:: Directions ::
Starting from the line with "Dr. Tracey Bond, Genius" and going up to and including the line with "a hmatu dítěte.", copy the listing below exactly. Leave all images out.

:: Source information ::
|---|
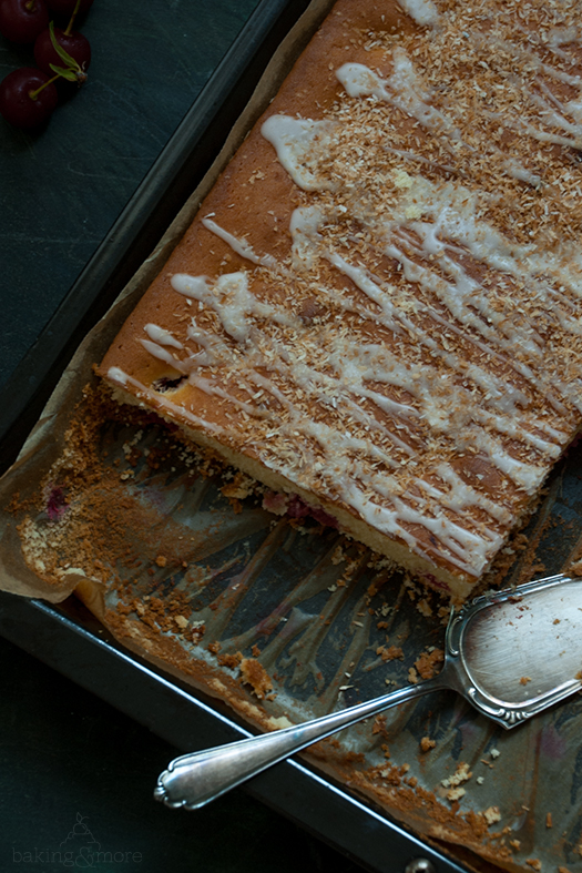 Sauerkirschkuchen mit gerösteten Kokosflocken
|---|
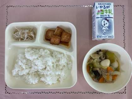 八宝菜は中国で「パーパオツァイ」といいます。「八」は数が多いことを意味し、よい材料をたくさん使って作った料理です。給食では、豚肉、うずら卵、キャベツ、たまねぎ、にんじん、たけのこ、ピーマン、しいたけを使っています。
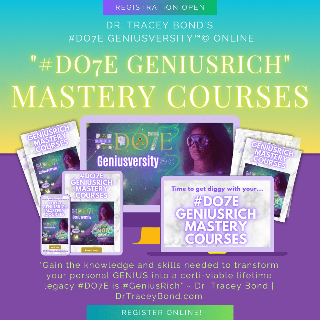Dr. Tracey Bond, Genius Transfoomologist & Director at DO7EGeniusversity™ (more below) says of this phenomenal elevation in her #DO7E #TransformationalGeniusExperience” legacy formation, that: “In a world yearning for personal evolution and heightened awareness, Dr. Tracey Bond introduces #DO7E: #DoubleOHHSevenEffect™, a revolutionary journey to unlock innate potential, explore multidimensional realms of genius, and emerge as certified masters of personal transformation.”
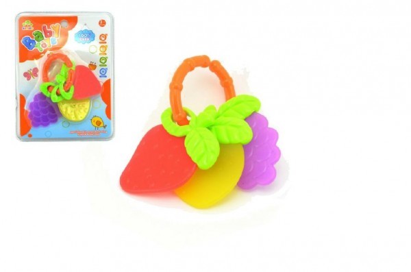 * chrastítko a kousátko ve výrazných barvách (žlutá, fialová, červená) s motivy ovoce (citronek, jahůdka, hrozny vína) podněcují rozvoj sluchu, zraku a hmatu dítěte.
|---|
:: Answer to this problem ::
Dr. Tracey Bond, Genius Transfoomologist & Director at DO7EGeniusversity™ (more below) says of this phenomenal elevation in her #DO7E #TransformationalGeniusExperience” legacy formation, that: “In a world yearning for personal evolution and heightened awareness, Dr. Tracey Bond introduces #DO7E: #DoubleOHHSevenEffect™, a revolutionary journey to unlock innate potential, explore multidimensional realms of genius, and emerge as certified masters of personal transformation.”
 * chrastítko a kousátko ve výrazných barvách (žlutá, fialová, červená) s motivy ovoce (citronek, jahůdka, hrozny vína) podněcují rozvoj sluchu, zraku a hmatu dítěte.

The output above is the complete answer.